**Information shown:**

════════════════════

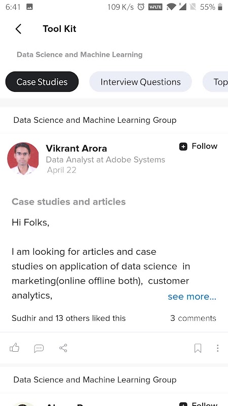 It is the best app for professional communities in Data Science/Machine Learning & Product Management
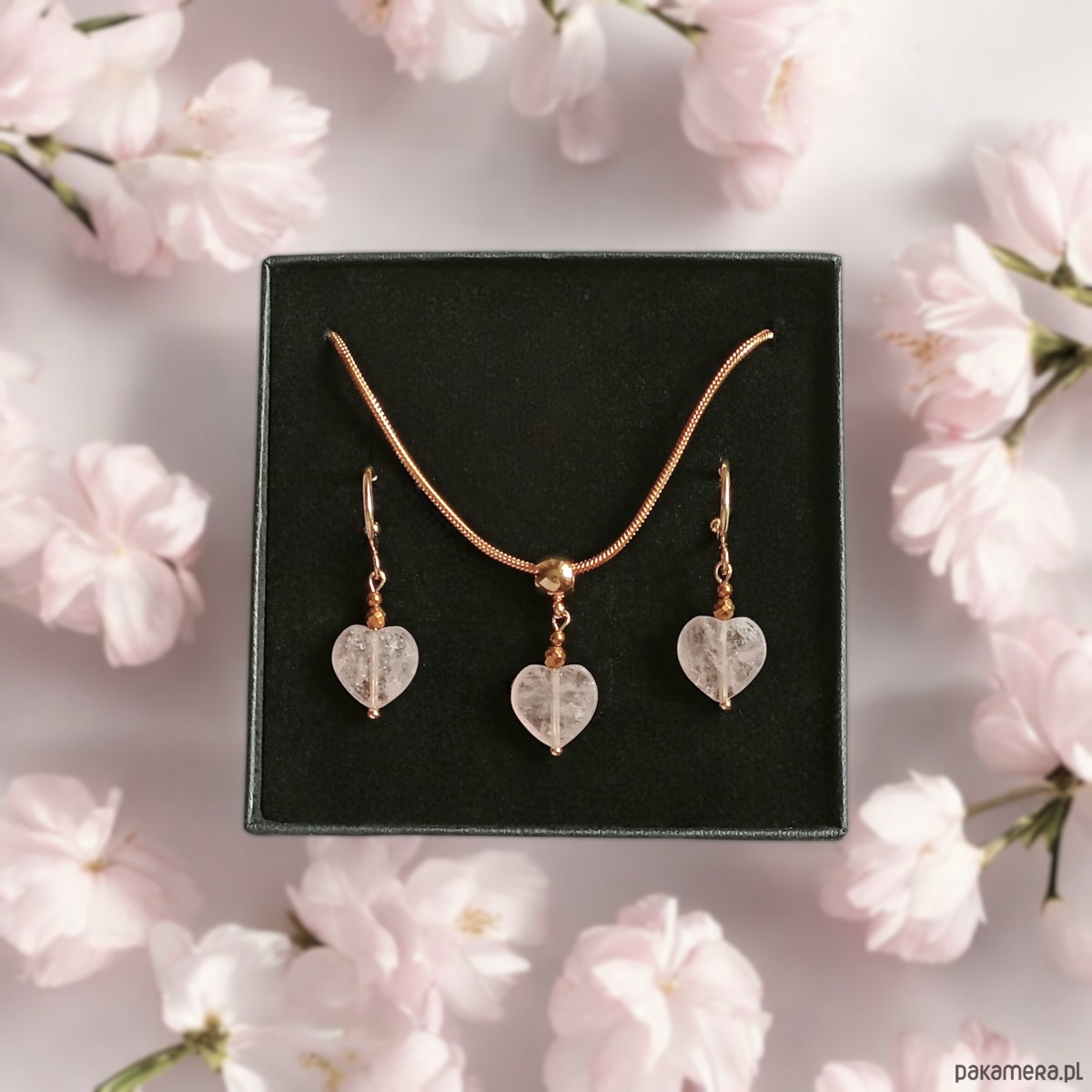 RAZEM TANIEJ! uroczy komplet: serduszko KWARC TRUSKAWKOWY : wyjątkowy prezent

════════════════════

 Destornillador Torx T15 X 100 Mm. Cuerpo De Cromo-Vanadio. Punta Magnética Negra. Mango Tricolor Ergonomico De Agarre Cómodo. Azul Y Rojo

════════════════════

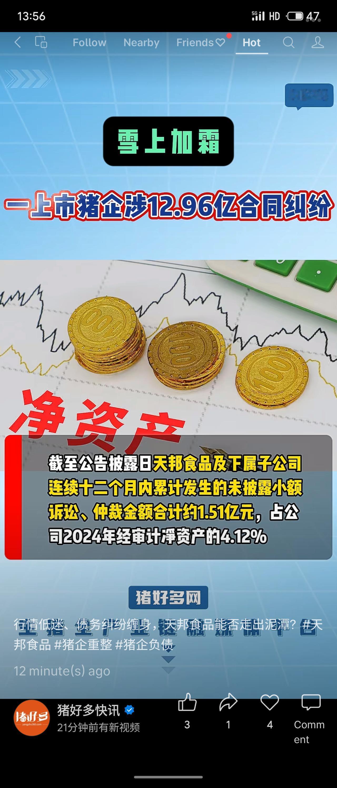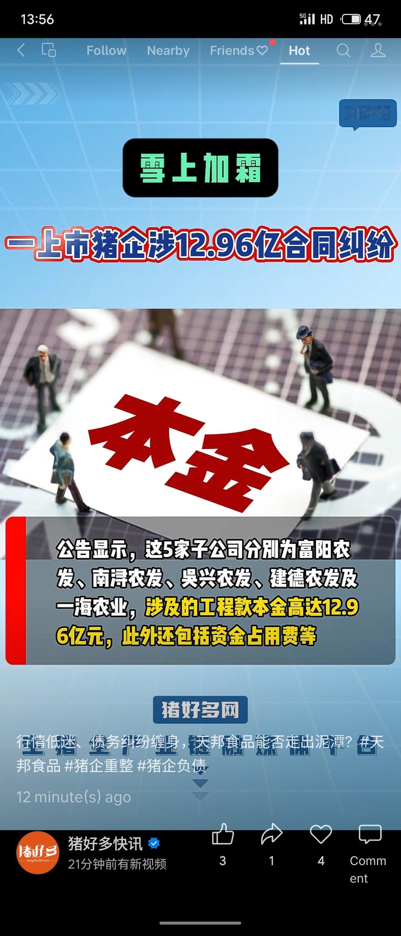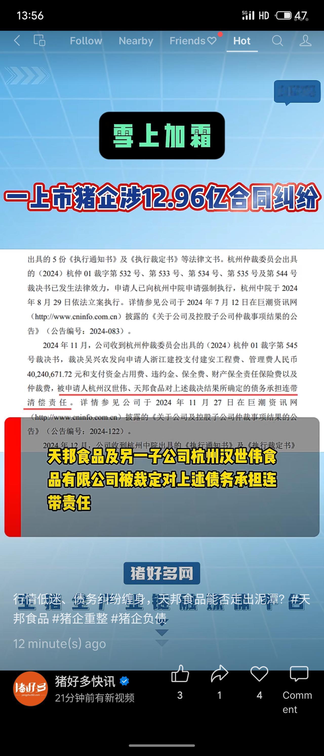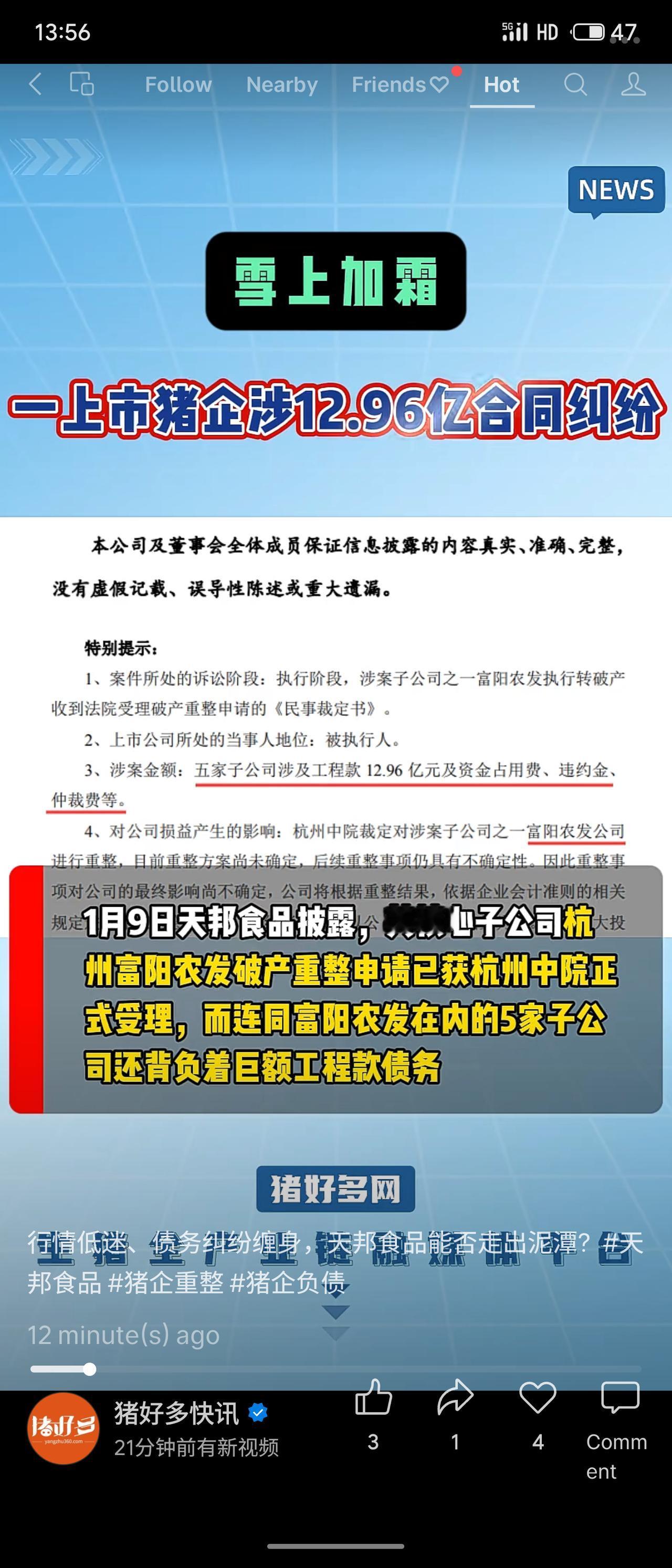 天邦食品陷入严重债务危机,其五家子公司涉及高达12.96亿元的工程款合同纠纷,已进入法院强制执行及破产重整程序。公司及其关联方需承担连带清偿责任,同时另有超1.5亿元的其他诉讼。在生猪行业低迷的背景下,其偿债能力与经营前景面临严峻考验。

════════════════════

From the records above, extract the lines from the one holding "It is the best" through the one holding "RAZEM TANIEJ! uroczy", word for word; omit the pictures.

**Result for this exercise:**
 It is the best app for professional communities in Data Science/Machine Learning & Product Management
 RAZEM TANIEJ! uroczy komplet: serduszko KWARC TRUSKAWKOWY : wyjątkowy prezent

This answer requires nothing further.